UK to replace RPI with CPIH as a measure of inflation from 2030

5 min read | November 27, 2020 05:55 PM AEDT | By Kunal Sawhney

 

Summary

  • The UK government and UK Statistics Authority have made a joint declaration on 25 November that the Retail Price index (RPI) will get replaced by the Consumer Price Index including Owners Occupiers housing cost (CPIH). 
  • The change, however, will not take place before 2030.
  • The change in methodology will impact several index linked pension schemes and interest linked Gilt edged securities in the UK.  

Britain has finally decided to bring in a major reform in its financial system. It has been decided that the Retail Price Index, an inflation measure that has been in use in the country since 1947, will finally be replaced with the Consumer Price Index, including owner occupiers’ housing cost (CPIH) from 2030. 

At present, RPI is used extensively in the UK for measuring the price level by both the government and the industry and is widely considered as inferior to Consumer Price Index (CPI), which is a preferred inflation measure in most developed countries. 

This change will have a major impact on the government, industry and the taxpayers. The government will be benefited as the inflation adjusted interest rates of government debt are likely to be lower under CPIH than RPI. But inflation adjusted pension earnings are likely to be lower under the new measure, spelling bad news for the retired class.  

The move will bring the British economy at par with the rest of the world, in terms of a less volatile nominal interest rates. Such a structure would also lead to a reduction in the overall cost of doing business, benefiting the industry. 

RPI drawbacks

Among RPI, CPI, and CPIH, RPI is the most volatile measure of price changes. The use of house prices and interest rates in its calculation makes it distorted as it does not consider a rental equivalent for house owners. 

Since 2013, RPI has not been classed as an official statistic. And as per the calculations, it has a flaw which causes it to be around 0.8 percentage points higher than it should be. 

Secondly, it uses another faulty measure called house depreciation, which is not accurate conceptually. While it is common that the value of real estate only goes up over time, pegging the renovation and upkeep expenses of the property to its cost is also fundamentally wrong, according to John Pullinger, National Statistician, the Office for National Statistics. 

These and several other minor flaws in the methodology of calculating RPI that make it present an inflated picture of the price trends as compared to the CPI and CPIH.  

The choice between CPI and CPIH

The government has chosen CPIH as its measure of inflation over CPI as it reflects the effects of housing costs on the consumer cost of living better than the latter one. 

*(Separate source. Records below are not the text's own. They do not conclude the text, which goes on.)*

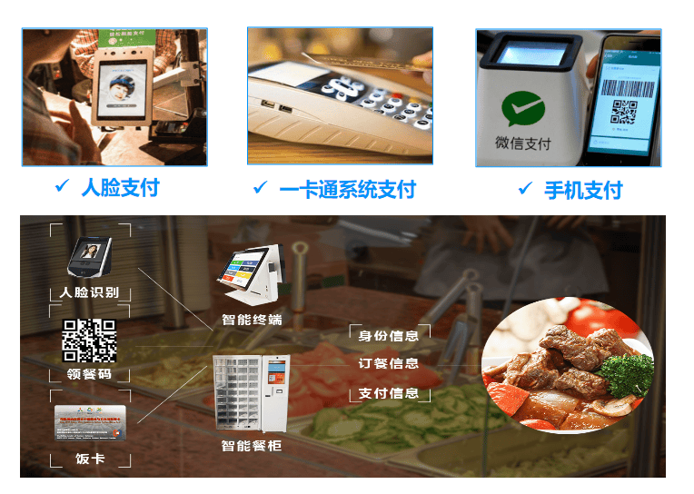 自动识别所有菜品、精准计算餐费、生成消费明细、支持刷脸、校园卡、扫码等多种支付方式,实现全程自助结算。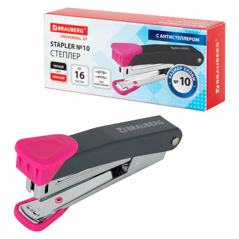 Степлер №10 металлический BRAUBERG "UNIVERSAL GT", до 16 листов,с антистеплером, красный, 272751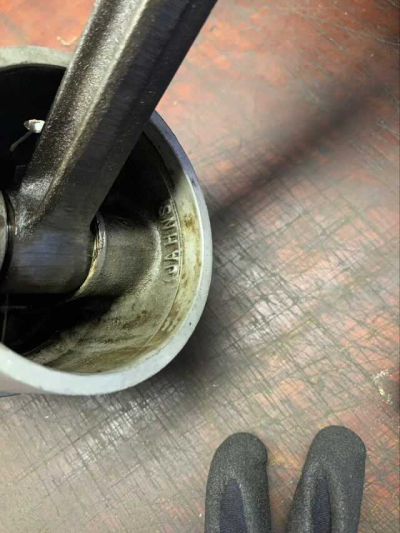 Die Ölpumpe ist soweit eigentlich in Ordnung, das Problem, das ich hier habe, ist, dass der Schraubanschluß für die Ölversorgung in den Motor nicht mehr in Ordnung ist. Da wurde mit roher Gewalt gearbeitet, sodass das Gewinde defekt ist.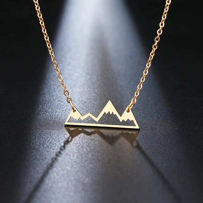 New Fashionable Mountain Pendant Women's Stainless Steel Necklace Snow Mountain Range Hollow High-End Creative Jewelry Accessories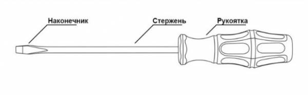 Отвёртка представляет собой стержень с наконечником на одном конце, предназначенным под определенный вид шлица, и рукоятью на другом. Большое значение имеет материал и размер рукоятки. Она может быть выполнена из пластмассы, дерева или резины. Форму рукояти необходимо выбирать в зависимости от размера ладони: подходящая вам рукоять будет удобно лежать в руке.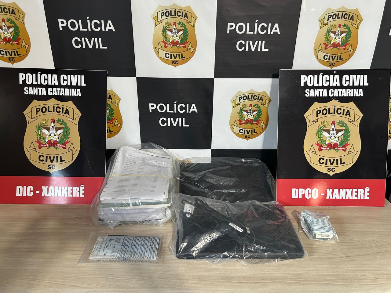 Nas buscas, foram apreendidos vários contratos de compra e venda de lotes rurais e dois notebooks. Também foi localizada uma caixa com 45 munições calibre .380 sem documentação, motivo pelo qual foi preso em flagrante. O mandado foi expedido pela Vara Regional de Garantias da Comarca de Concórdia.
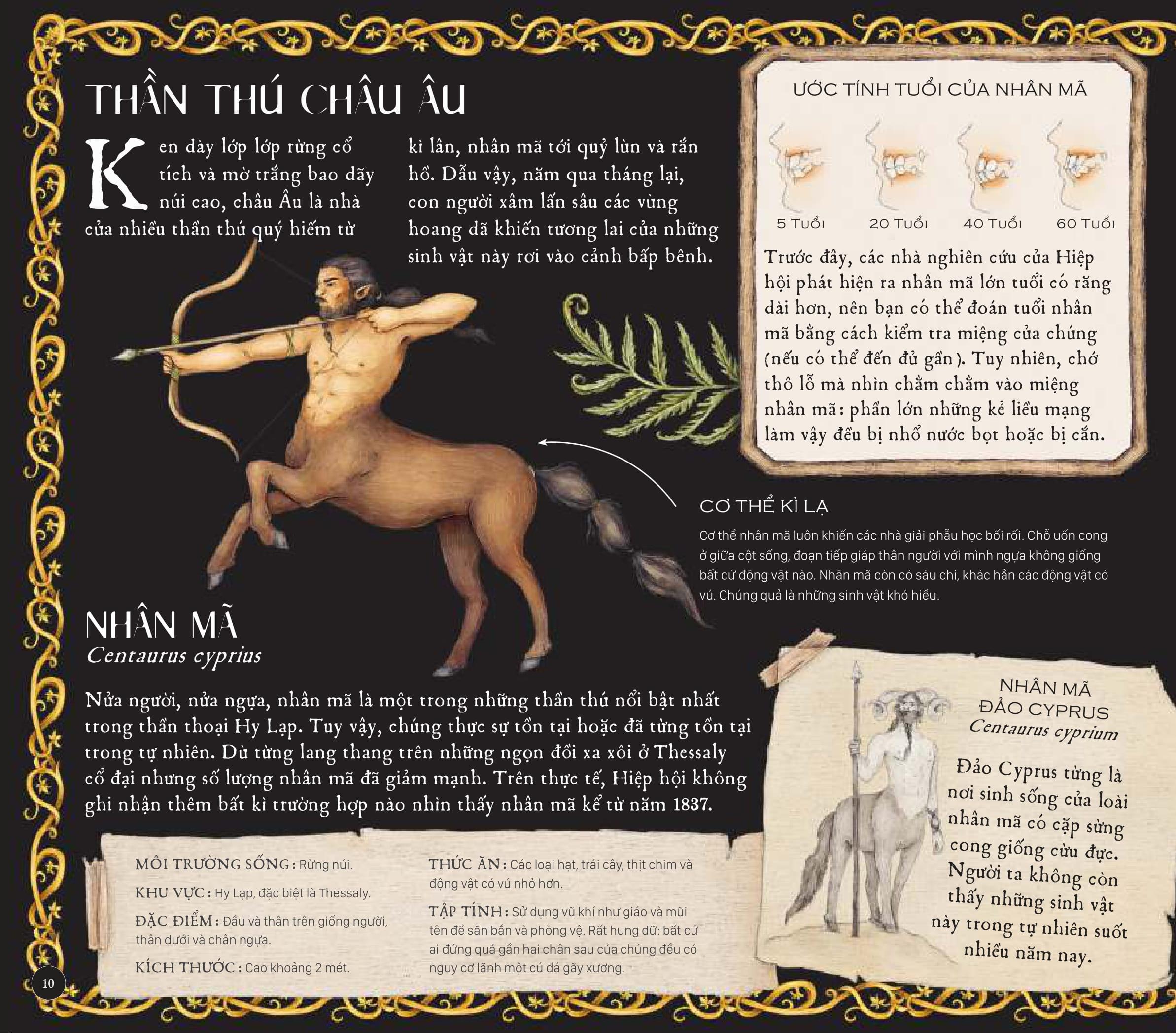 Cẩm Nang Về Sinh Vật Huyền Bí Bạn đọc thân mến, Bạn đã sẵn sàng cho chuyến hành trình có một không hai chưa? Vậy hãy lật giở cuốn sách này ngay thôi nào! Truyền kì về các loài sinh vật huyền bí đã được kể xuyên suốt nhiều thế hệ, ở khắp mọi nơi trên thế giới. Liệu những câu chuyện này chỉ là sản phẩm của trí tưởng tượng, hay bao điều chúng ta nghe về các loài rồng, nhân mã và điểu sư đều là sự thật? Biên soạn từ sổ tay của một nhà động vật học những năm 1920, cuốn sách sẽ trả lời câu hỏi trên thông qua việc hé lộ thế giới bí ẩn của muôn loài sinh vật huyền bí đã và đang sống giữa chúng ta. Lật giở từng trang sách, bạn sẽ không khỏi ngỡ ngàng, choáng ngợp trước những sinh vật tuyệt đẹp khắp đ.ịa cầu, khám phá đặc điểm, tập tính và huyền thoại lôi cuốn, kịch tính xung quanh chúng. Cảm giác còn trên cả phấn khích khi được hiểu thêm về chiếc sừng phép thuật của kì lân, vòng đời của phượng hoàng, vũ điệu ghép đôi của mãng xà và nhiều những chỉ dẫn siêu thiết thực về cách tiếp cận, tìm kiếm các sinh vật này. Nếu bạn tin vào thế giới huyền ảo và khao khát tự m.ình tìm gặp một trong các sinh vật huyền bí, cuốn sách này sẽ là điểm khởi đầu hoàn hảo dành cho bạn.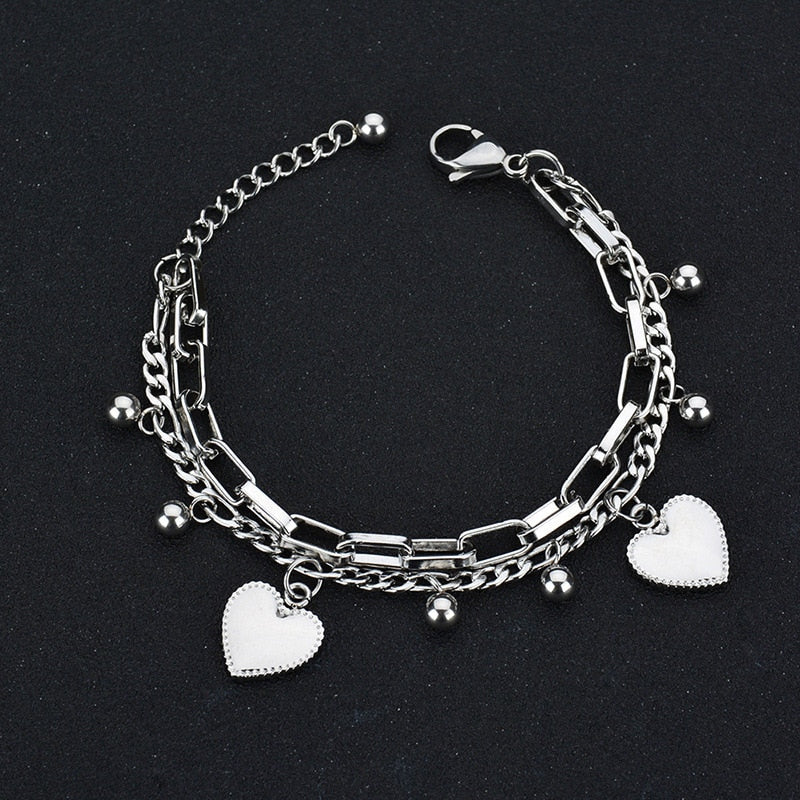 Pulsera multicapa de acero inoxidable 316L con forma de corazón para mujer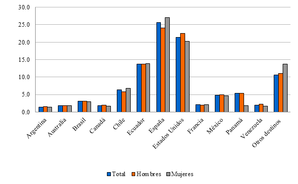En el ámbito internacional, los cuatro principales destinos para los colombianos en el período de estudio fueron España (25.7 %), Estados Unidos (21.3 %), Ecuador (13.8 %) y Chile (6.3 %) (gráfica 6). Se observan diferencias importantes por sexo: mientras que España tiene mayor peso para las mujeres, posiblemente debido a la demanda en sectores de cuidado y servicio doméstico, Estados Unidos presenta mayor representación masculina, lo que podría estar vinculado a la inserción en sectores como la construcción y el transporte. Francia también aparece como un destino destacado, lo que podría estar asociado a la migración estudiantil y profesional calificada. La relevancia de Ecuador y Chile resalta la importancia de la migración intrarregional, mientras que la categoría “otros destinos” sugiere que la migración colombiana continúa diversificándose, explorando nuevos mercados laborales y oportunidades de movilidad internacional más allá de los destinos tradicionales.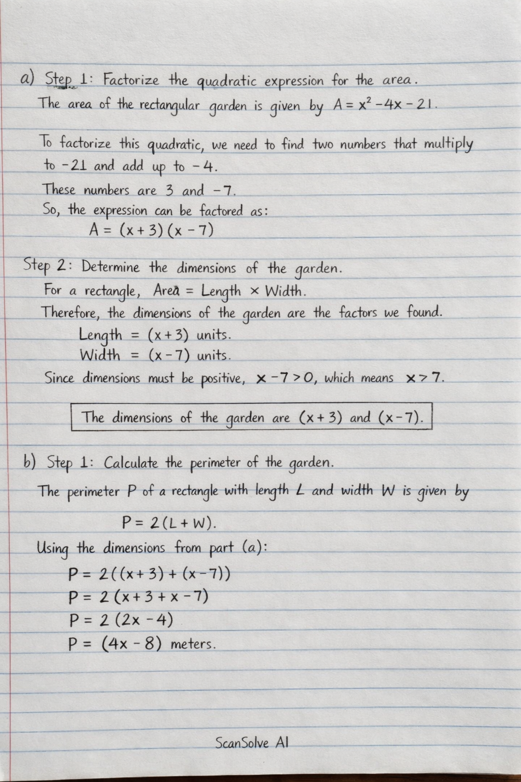 a) Step 1: Factorize the quadratic expression for the area. The area of the rectangular garden is given by A = x^2 - 4x - 21.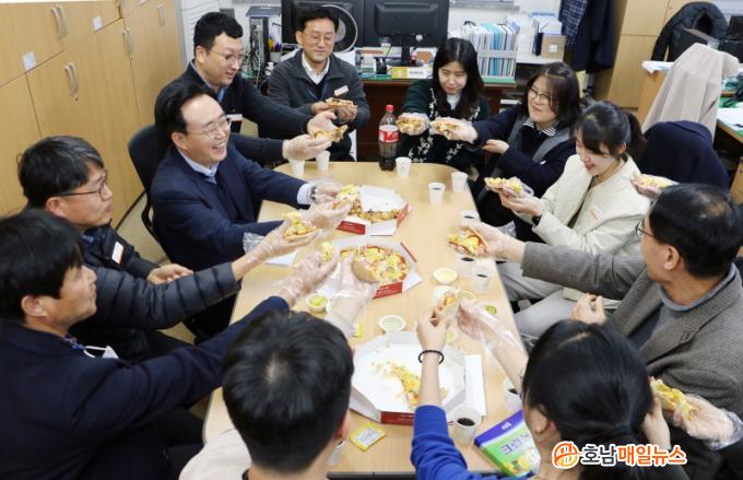 ¸Å´Þ ½Å±Ô Á÷¿øµé°ú ±¸³»½Ä´ç¿¡¼ Á¡½É ½Ä»ç¸¦ Çϴ°¡ ÇÏ¸é °ÝÁÖ¿¡ °ÉÃÄ °ú¾÷ºÎ¼ »ç¹«½ÇÀ» Á÷Á¢ ã¾Æ °£½ÄÀ» ³ª´©´Â µî Á÷¿øµé°úÀÇ °ÝÀÇ ¾ø´Â ¼ÒÅë¿¡ ½Ã°£À» ¾Æ³¢Áö ¾Ê°í ÀÖ´Ù.

In most of the developed world CPI is a preferred measure as it uses a select basket of goods and services to gauge the effect of changing prices on people. 

However, for a country like Britain which has land scarcity and is an important business destination in the world, rent forms an important part of cost of living for its inhabitants. Thus, Consumer Price Index including owner occupiers’ housing cost or CPIH is more suitable for the nation which should be used for all inflation related data.  

Gilt-edged securities

The British government issues long term securities which are pegged to the RPI. While it was known that the usage of this index made the cost of these debts more expensive for the government, its adverse effects were felt this year after the pandemic outbreak.  

This made the government rethink on the RPI and move towards an inflation index that is in line with the global practice.  After 2030 when the change takes place, decreasing the cost of debt will help the government borrow more for the same amount of interest outgo and use it for the economy’s growth. 

Pension schemes

Ten years down the line, the pension receivers of the country are, however, in for an ordeal with the implementation of the CPIH. Since CPIH is expected to show a slower rise in inflation, the future pension pays are likely to be lower as compared to the RPI based calculations. 

There are a large number of pensioners in the UK, deriving pension from either from the government, the private companies or pension providing firms. Once the pension payout goes down, it will have an impact on the spending behavior of a large section of the population.  

Finally, the adoption of the inflation index from RPI to CPIH may not be as tough as it may initially appear. Firstly, people have 10 long years to adjust to the new system. 

Secondly, a new system will lead to a general lowering of cost of doing business in the country. This will lead to economic growth and employment generation. Therefore, the net benefits of using CPIH would be higher than the anticipated losses.